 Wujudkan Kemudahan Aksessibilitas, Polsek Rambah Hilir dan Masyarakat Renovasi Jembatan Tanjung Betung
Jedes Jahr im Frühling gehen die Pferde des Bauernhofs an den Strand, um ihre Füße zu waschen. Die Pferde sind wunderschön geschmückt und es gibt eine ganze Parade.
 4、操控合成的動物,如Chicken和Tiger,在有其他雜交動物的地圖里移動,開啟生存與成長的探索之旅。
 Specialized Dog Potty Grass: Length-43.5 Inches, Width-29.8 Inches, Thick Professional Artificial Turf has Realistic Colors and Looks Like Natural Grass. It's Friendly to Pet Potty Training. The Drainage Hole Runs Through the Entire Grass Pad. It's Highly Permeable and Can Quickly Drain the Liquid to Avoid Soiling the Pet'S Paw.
* * * * * * * * *
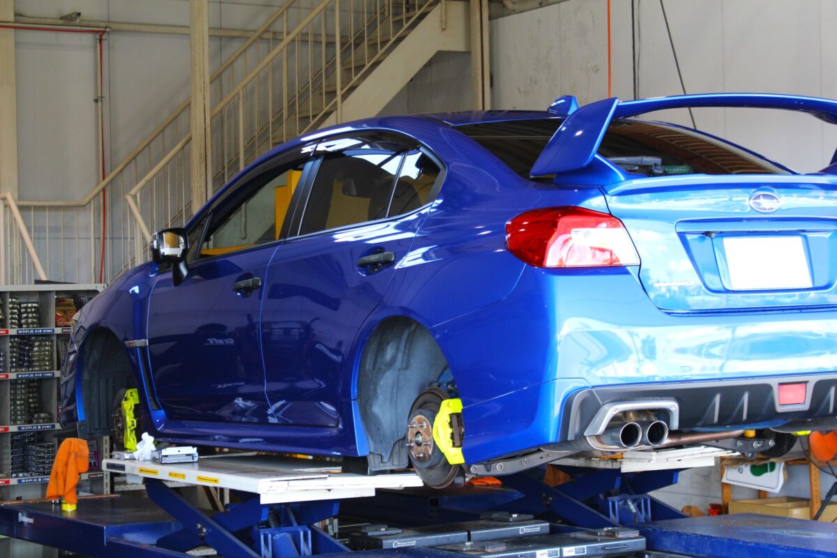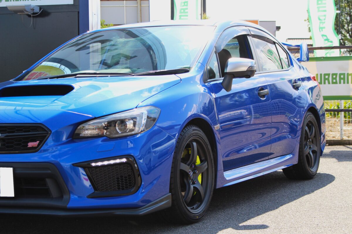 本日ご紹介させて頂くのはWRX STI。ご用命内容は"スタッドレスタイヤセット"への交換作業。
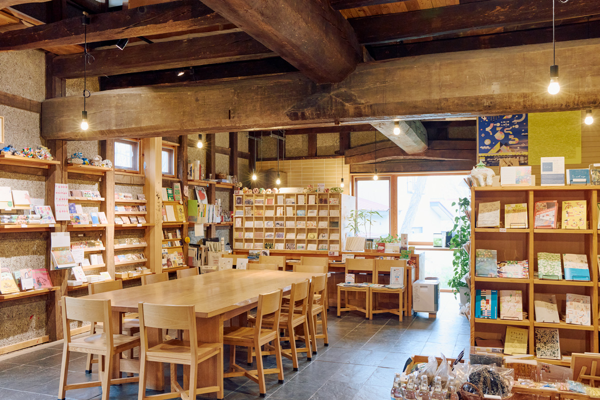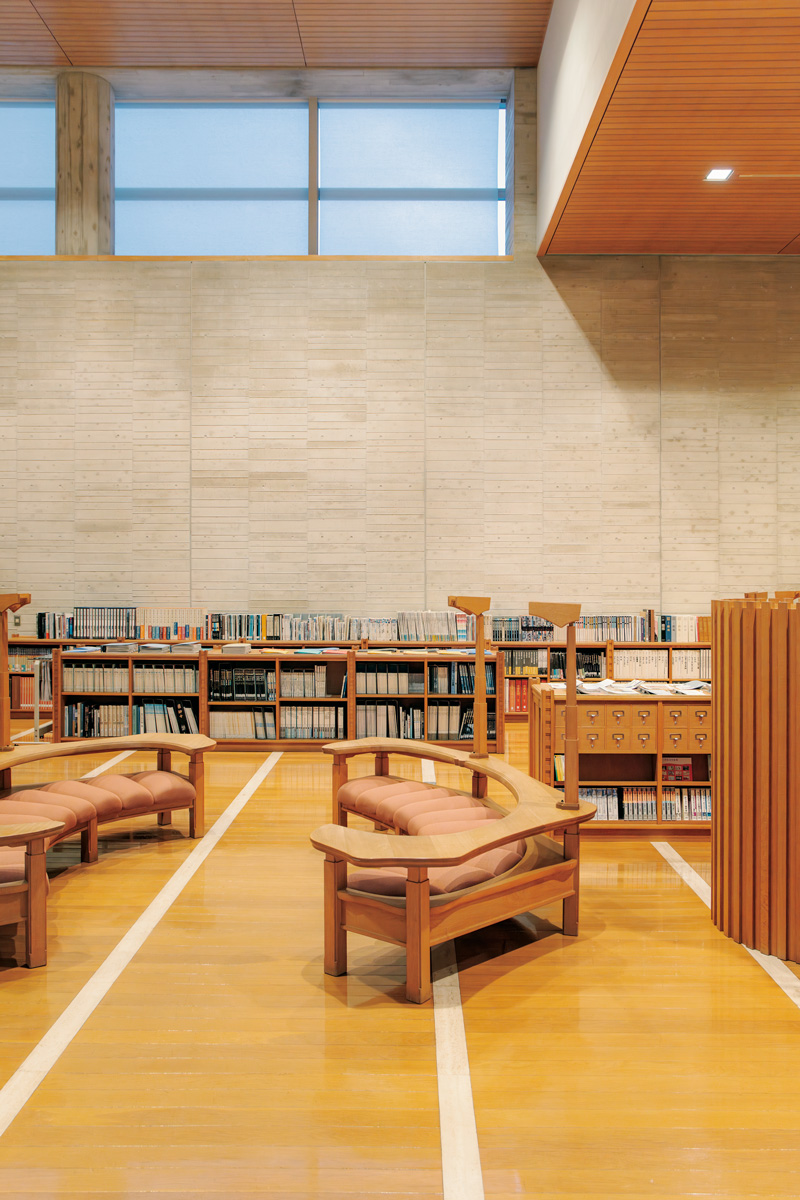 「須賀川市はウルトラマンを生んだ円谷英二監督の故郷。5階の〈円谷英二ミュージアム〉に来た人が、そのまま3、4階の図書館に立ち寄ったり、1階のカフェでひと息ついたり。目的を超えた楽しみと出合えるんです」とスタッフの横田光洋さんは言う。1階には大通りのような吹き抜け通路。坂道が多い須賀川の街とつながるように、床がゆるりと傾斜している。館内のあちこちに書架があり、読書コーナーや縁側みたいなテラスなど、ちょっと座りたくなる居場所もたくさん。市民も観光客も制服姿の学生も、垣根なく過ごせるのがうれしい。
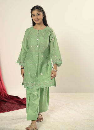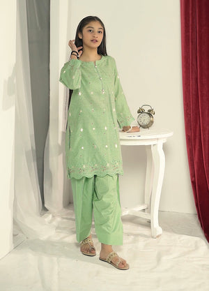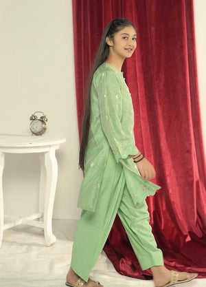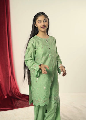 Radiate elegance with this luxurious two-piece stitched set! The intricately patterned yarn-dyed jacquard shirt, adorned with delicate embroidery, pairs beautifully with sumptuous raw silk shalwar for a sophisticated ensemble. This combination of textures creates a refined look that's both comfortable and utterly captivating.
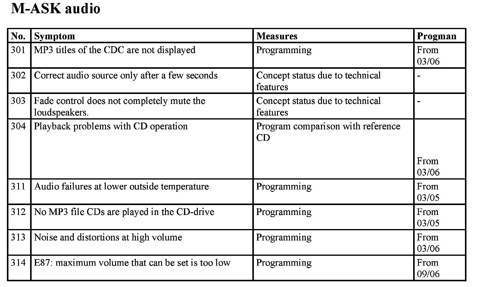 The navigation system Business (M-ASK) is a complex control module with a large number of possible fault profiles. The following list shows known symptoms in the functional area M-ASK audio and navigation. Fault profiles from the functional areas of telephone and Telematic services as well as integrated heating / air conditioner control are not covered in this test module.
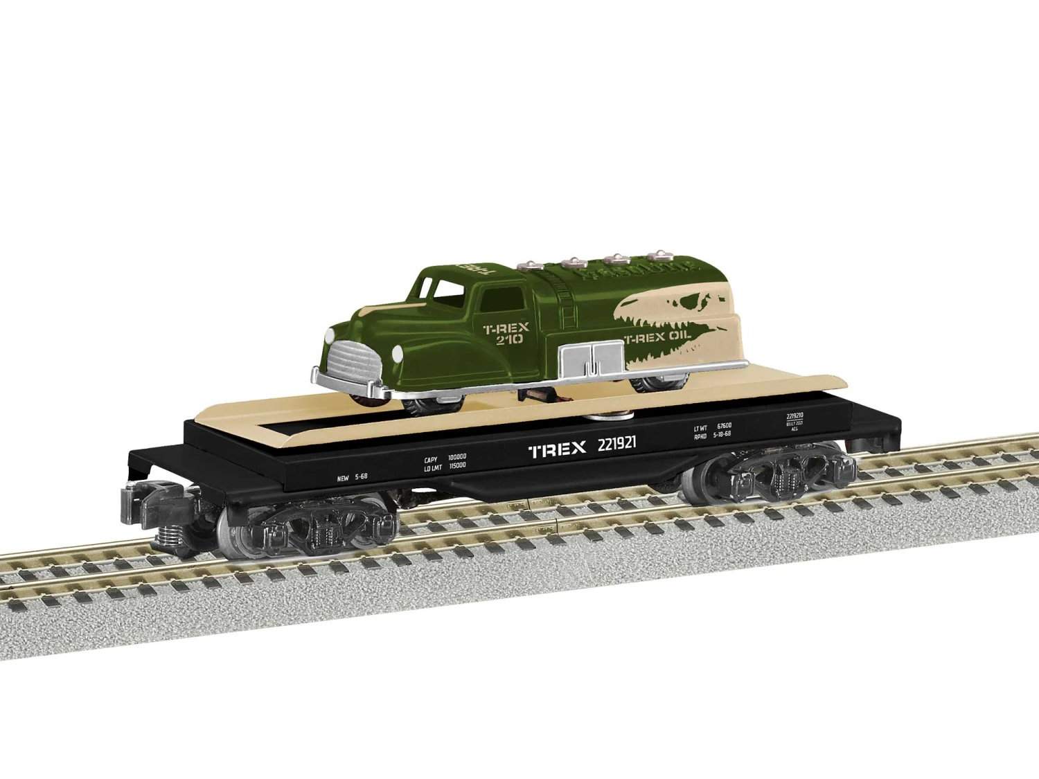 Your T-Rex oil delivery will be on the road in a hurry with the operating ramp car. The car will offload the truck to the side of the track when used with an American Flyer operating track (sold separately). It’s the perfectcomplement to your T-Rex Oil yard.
* * * * * * * * *
• _WHAT TO PRODUCE_
Reproduce exactly the lines above that run from the one with "The navigation system" to the one with "Your T-Rex oil delivery", both included, leaving pictures out.

• _THE ANSWER_
 The navigation system Business (M-ASK) is a complex control module with a large number of possible fault profiles. The following list shows known symptoms in the functional area M-ASK audio and navigation. Fault profiles from the functional areas of telephone and Telematic services as well as integrated heating / air conditioner control are not covered in this test module.
 Your T-Rex oil delivery will be on the road in a hurry with the operating ramp car. The car will offload the truck to the side of the track when used with an American Flyer operating track (sold separately). It’s the perfectcomplement to your T-Rex Oil yard.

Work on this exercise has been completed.